#### [Task item]
Only some lines are wanted: please transcribe exactly those from the one containing "- Indoor 44-inch" through the end of the data, pictures excluded.

#### [Dataset excerpt]

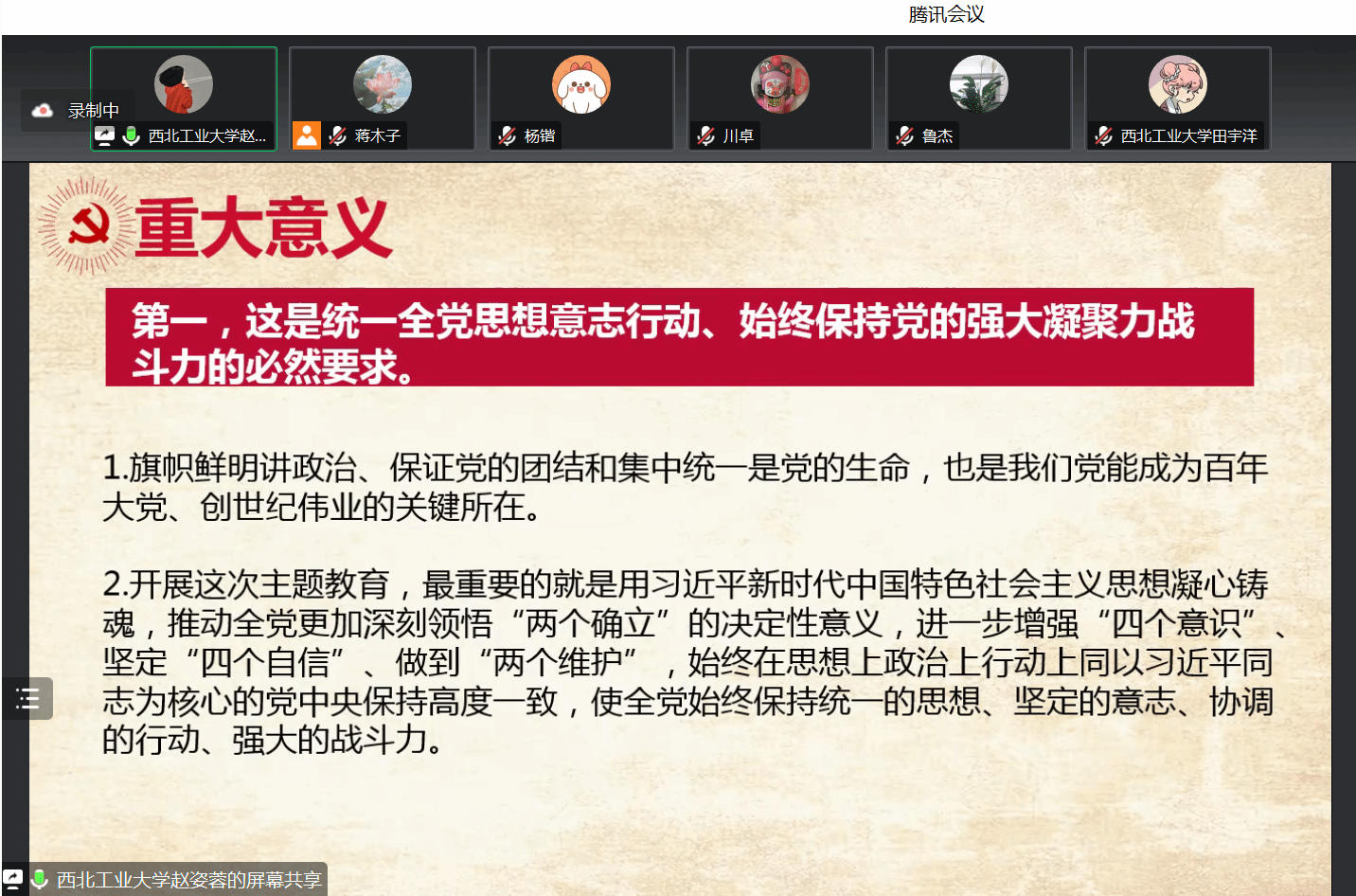 接下来,由公司硕士生田宇洋同学进行导读。她首先通过总结专家学者的论述,介绍了习近平新时代中国特色社会主义思想的历史起点和逻辑起点,并阐述了国内国外的意义。第一部分是对这次讲话的重要意义进行解读,通过结合党的二十大报告,指出了这次讲话是统一全党思想意志行动、始终保持党的强大凝聚力、战斗力;是推动全党积极担当作为、不断开创事业发展新局面;是深入推进全面从严治党、以党的自我革命引领社会革命的必然要求。第二部分是全面准确把握主题教育的目标要求进行了自己的阐释。第三部分从明确领导责任;强化督促指导;注重统筹兼顾;加强宣传引导四个部分来论述如何切实加强对主题教育的领导。最后一部分对学习贯彻习近平新时代中国特色社会主义思想的目的进行总结,即对全党而言要提高运用党的创新理论的能力,对领导干部而言要坚持以身作则、以上率下。
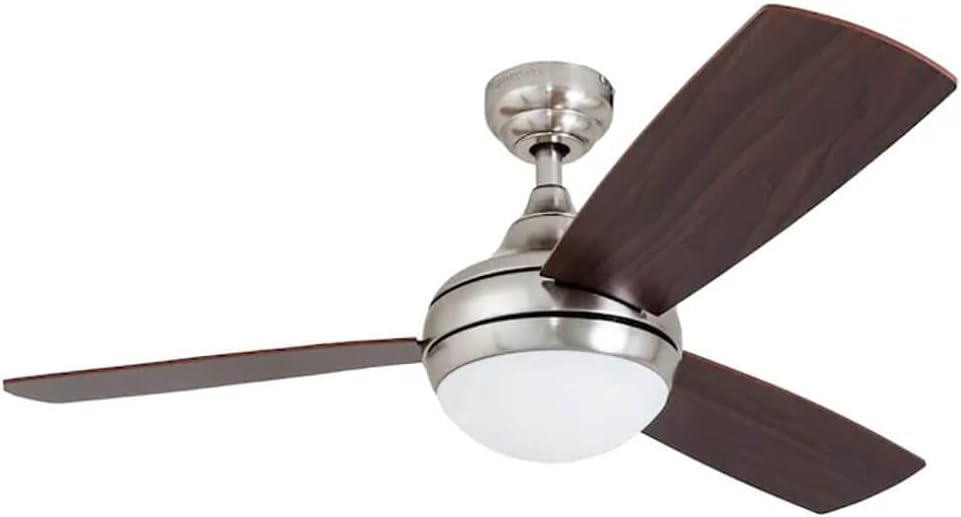 - Indoor 44-inch Design: Features a brushed nickel finish with three reversible blades (nutmeg and natural finishes).
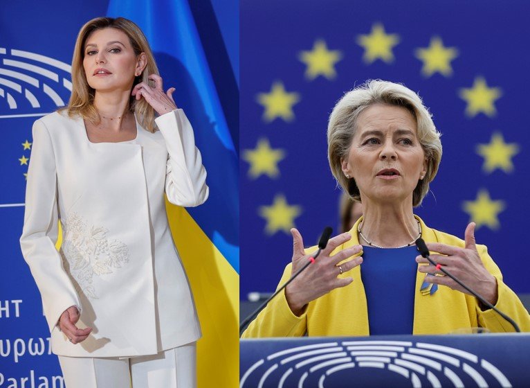 Galéria k článku FOTO: Olena Zelenská v europarlamente: Von der Leyenová sa NAHODILA do farieb Ukrajiny

#### [Answer box]
 - Indoor 44-inch Design: Features a brushed nickel finish with three reversible blades (nutmeg and natural finishes).
 Galéria k článku FOTO: Olena Zelenská v europarlamente: Von der Leyenová sa NAHODILA do farieb Ukrajiny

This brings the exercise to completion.